Desmond, a two-time All-Star who is biracial, added: “With a pregnant wife and four young children who have lots of questions about what’s going on in the world, home is where I need to be right now. Home for my wife, Chelsey. Home to help. Home to guide. Home to answer my older three boys’ questions about Coronavirus, Civil Rights and life. Home to be their dad.”
His post earned viral acclaim for its breadth and eloquence.
Desmond wrote about being abandoned by his stepfather at baseball practice as a boy, hearing high school teammates chant “white power!” before games and currently feeling that baseball’s ideals, and America’s, are failing.
He said he had to speak out.
“The image of Derek Chauvin’s knee on the neck of George Floyd, the gruesome murder of a Black man in the street at the hands of a police officer, broke my coping mechanism. Suppressing my feelings became impossible,” he wrote.

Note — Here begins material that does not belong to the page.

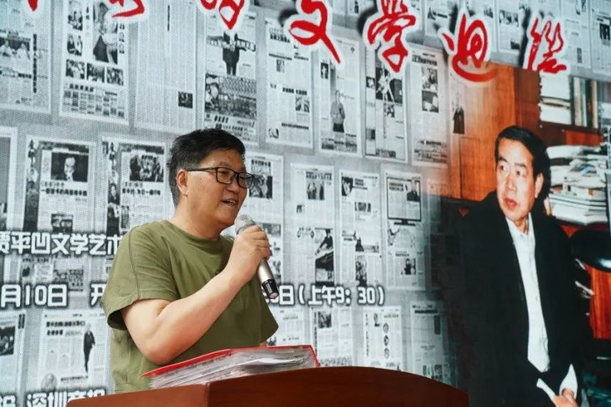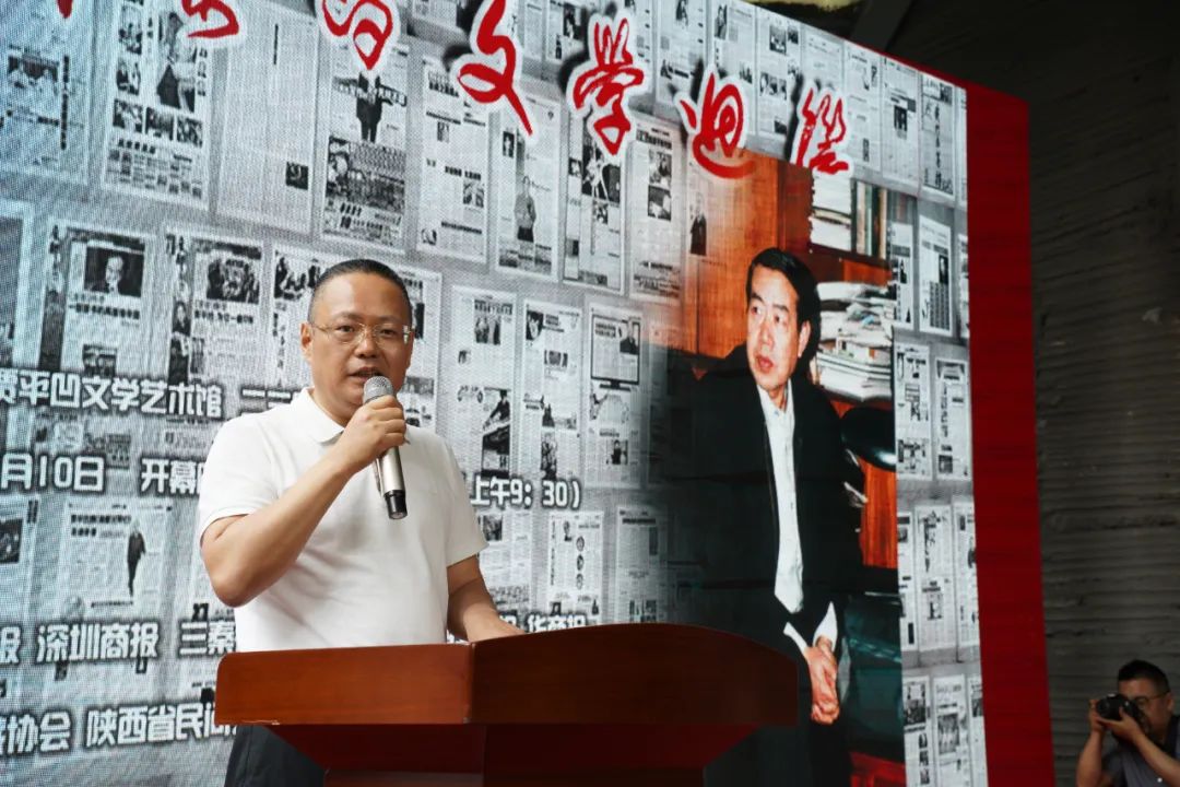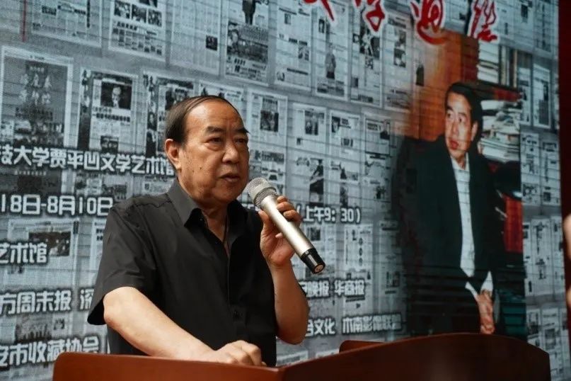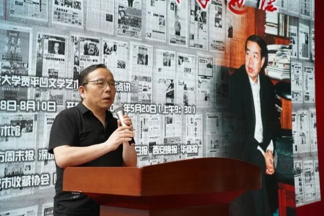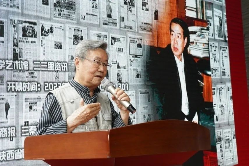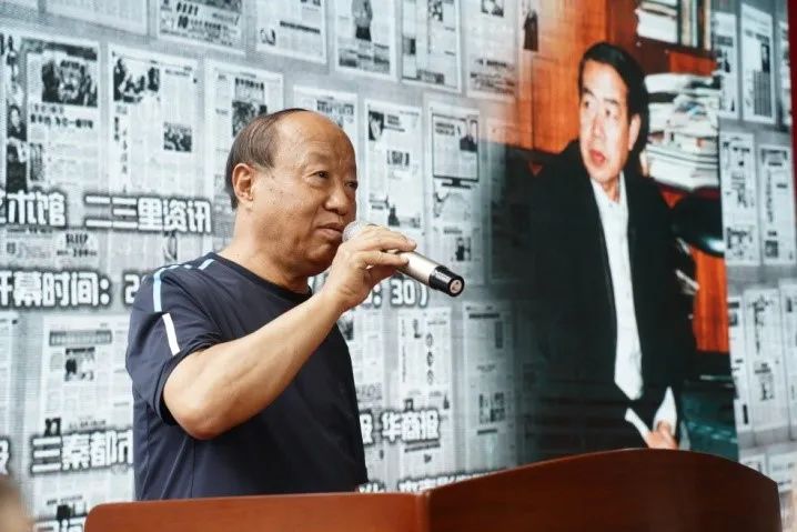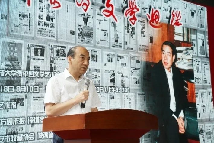 (著名学者肖云儒)肖云儒致辞说,借此展览致敬贾平凹,致敬老报人和传媒人。作家有三重形象,一是人生的贾平凹;二是文学艺术家的贾平凹,三是社会的贾平凹。这三重形象通过传媒和读者参与其中,三重打造,使得贾平凹这个文学符号成为当代中国文学史和陕西文化版块中一个非常重要的现象。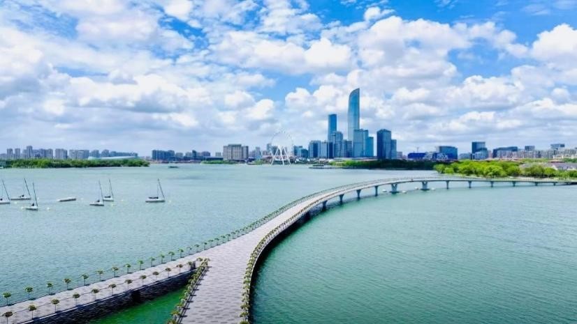 作為水鄉(xiāng)上崛起的現(xiàn)代化新城,園區(qū)河流縱橫、水網(wǎng)密集,擁有金雞湖、獨墅湖、陽澄湖等骨干河流,湖面與周邊錯落的生態(tài)景觀帶相映成趣,勾勒出了一幅“人水和諧”的生態(tài)畫卷。

He called out Major League Baseball’s systemic woes as well.
“In clubhouses we’ve got racist, sexist, homophobic jokes or flat-out problems,” he wrote. “We’ve got cheating. We’ve got a minority issue from the top down. One African American GM. Two African American managers. Less than 8% Black players. No Black majority team owners.”
Desmond, 34, was originally scheduled to make $15 million for a normal season’s work, the Denver Post noted. If he does not have medical issues, he would surrender the prorated portion of his salary.
The 60-game season is scheduled to begin late July in ballparks without spectators.